- Born: Rekha Lakshmi Shankar April 3, 1990 (age 36)
- Education: New York University
- Occupations: Actress; comedian; writer;
- Years active: 2014–present
- Website: www.rekhashankar.com

= Rekha Shankar =

American actress and comedian

Rekha Lakshmi Shankar (born April 3, 1990) is an American actress, comedian, and writer. She is known for her writing and performing work with Dropout (previously CollegeHumor).

==Career==

Shankar grew up in Philadelphia and graduated from the Tisch School of the Arts of New York University. She initially worked as a video editor before moving into comedy. While in New York, Shankar performed improvisational comedy with the Upright Citizens Brigade Theatre, wrote for the MTV News web series Decoded and the satirical website Reductress, and appeared in web videos for ClickHole and Funny or Die. She was in a sketch group, DUMB video, that made YouTube videos. In 2016, she created the web series Hustle, supported by crowdfunding, which portrayed the life of struggling freelancers as a video game.

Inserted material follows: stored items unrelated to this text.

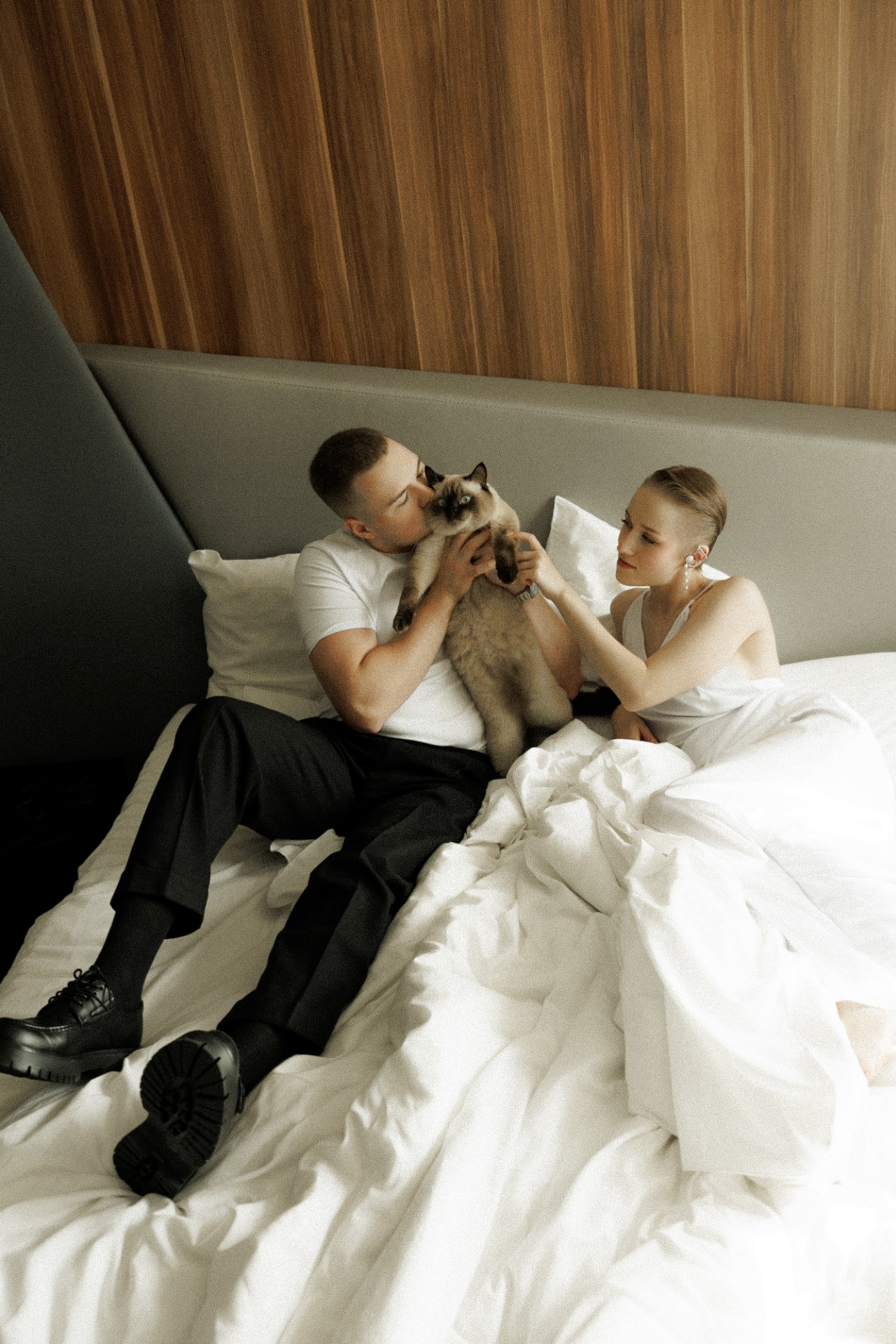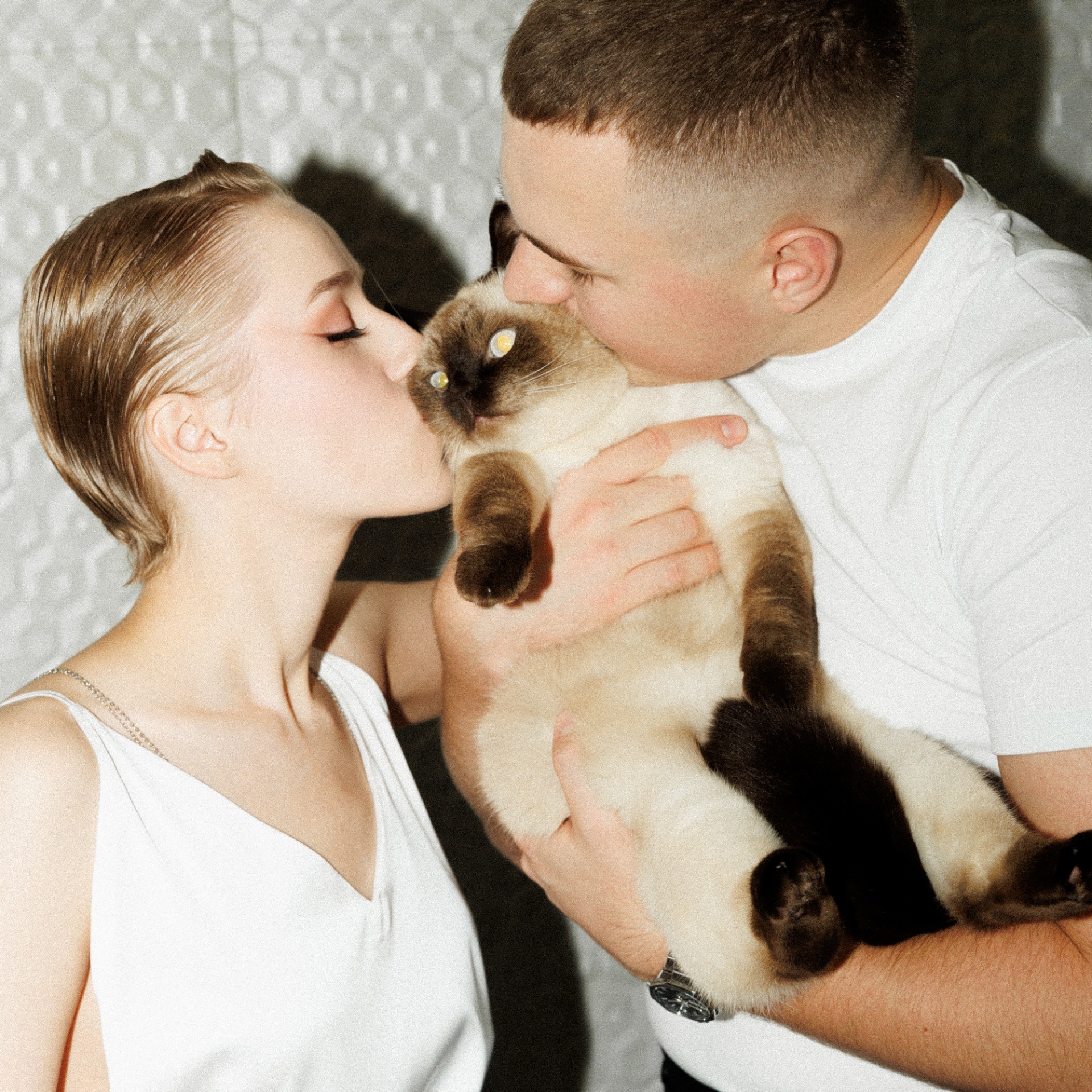 Мы вместе 6 лет, сейчас у нас есть замечательные коты — Симба и Кит-Кат, в которых мы души не чаем. Симбу вы, кстати, увидите на фотографиях из отеля! Фотограф Ваня настоятельно рекомендовал нам их привезти для фото, о чём мы не жалеем ни капли.
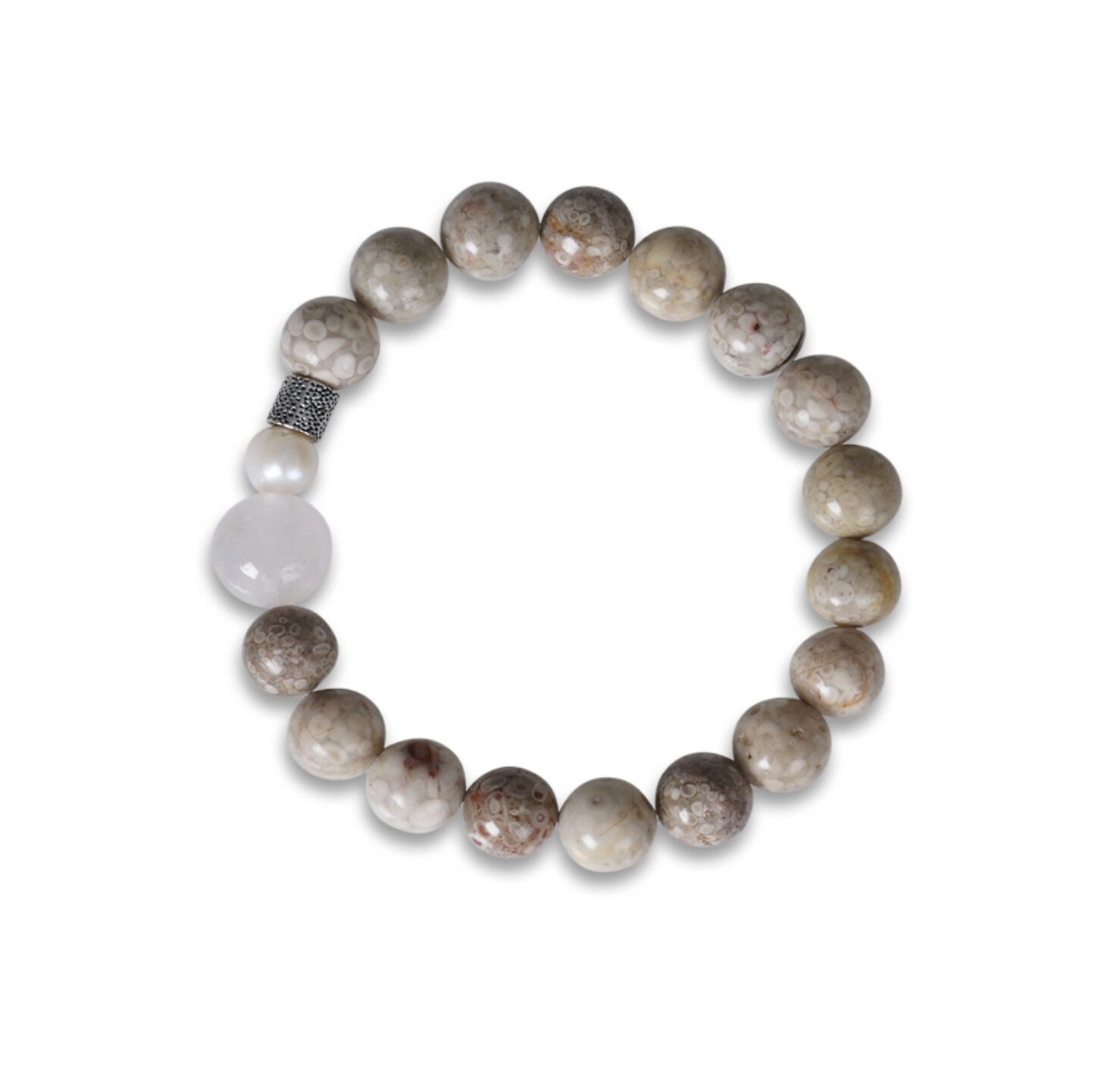Rozenkwarts is de edelsteen van de liefde en ook van een nieuwe begin. De steen bevordert de intuïtie en heeft een kalmerende werking op het gevoelsleven. Mede door de prachtige Barok parel heeft deze armband een extra luxe uitstraling. Deze armband is perfect te combineren met de Mala kettingen uit deze collectie.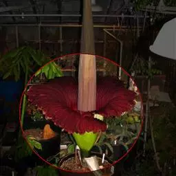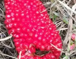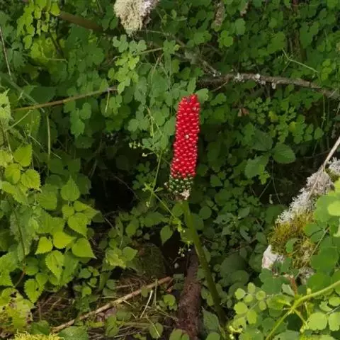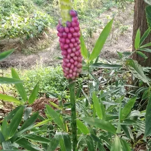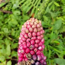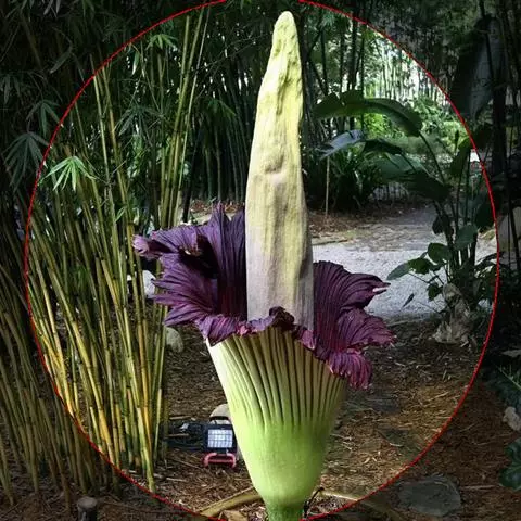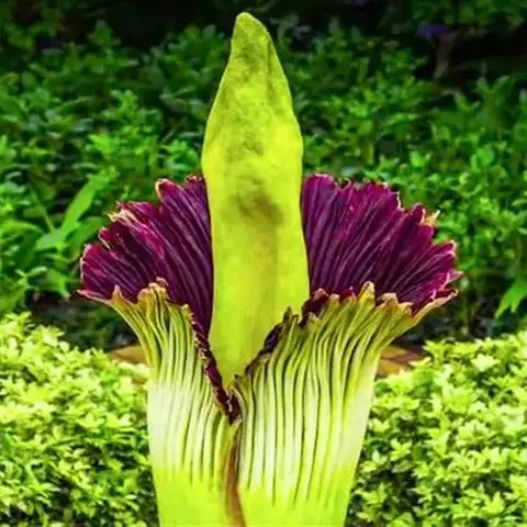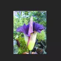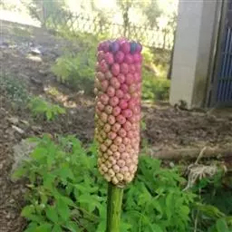 株高约40~70公分,地下有球茎,一株只长一叶,羽状复叶,叶柄粗长似茎,开花紫红色,有异臭味,地下球茎圆形。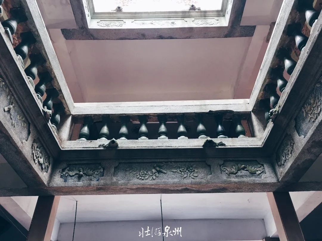 楼里住着陈淑华老人,老人热情邀我到屋里参观。屋内沿袭了传统的闽南古大厝布局,两进三开间双榉头,带天井和后轩。老人介绍,外墙面的很多琉璃瓷雕在那个特殊的历史时期里被破坏掉了。老人还提醒,秀芬楼是有左右护厝的,只不过是石板建成,乍一看会以为是普通的石头厝。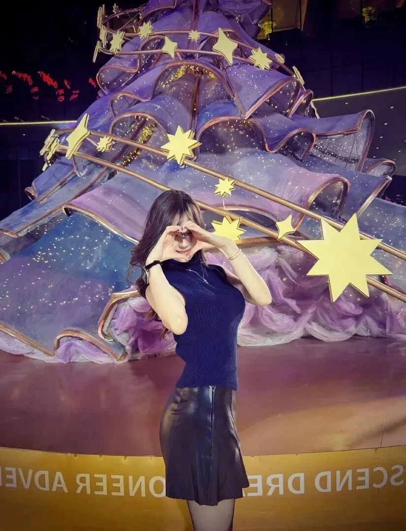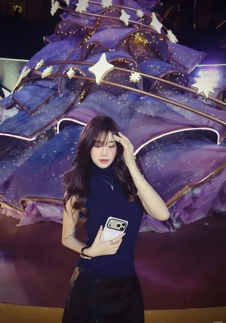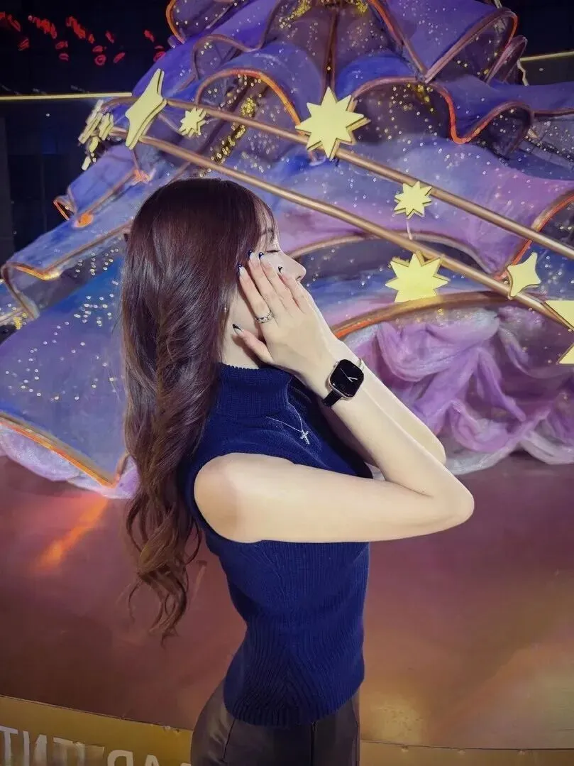 该套衣服特别适用于节日使用,背景紫色圣诞树,蓝色上衣都很符合节日的氛围,充满节日感。用手指在脸部轻碰几下,再以点点形状在脸部轻轻移动着,这时一个女孩的美与神秘更加突出。拍照时选择背景合适,氛围感就出来了。

Shankar was hired by the comedy company CollegeHumor in 2017. She moved to Los Angeles and became the head writer of its CollegeHumor Originals web series. CollegeHumor rebranded over time into the streaming service Dropout; Shankar has appeared in Dropout series such as the actual play show Dimension 20 and the game show Game Changer. In 2019, she created the Dropout miniseries Gods of Food, a parody of the Netflix food documentary series Chef's Table. She has hosted Dropout shows such as Celebrity Slumber Party in 2018, Erotic Clubhouse in 2020, and starting 2024 she hosts Smartypants, in which performers put on comedy PowerPoint presentations.

Shankar played a small role in Netflix's Between Two Ferns: The Movie, released in 2019, and wrote for the Netflix series Magic for Humans and Astronomy Club: The Sketch Show. She appeared in an episode of the HBO show Hacks in 2021. She later wrote for shows such as NBC's Grand Crew and Comedy Central's Digman!

Shankar voiced a DOT robot in Star Trek: Starfleet Academy (2026).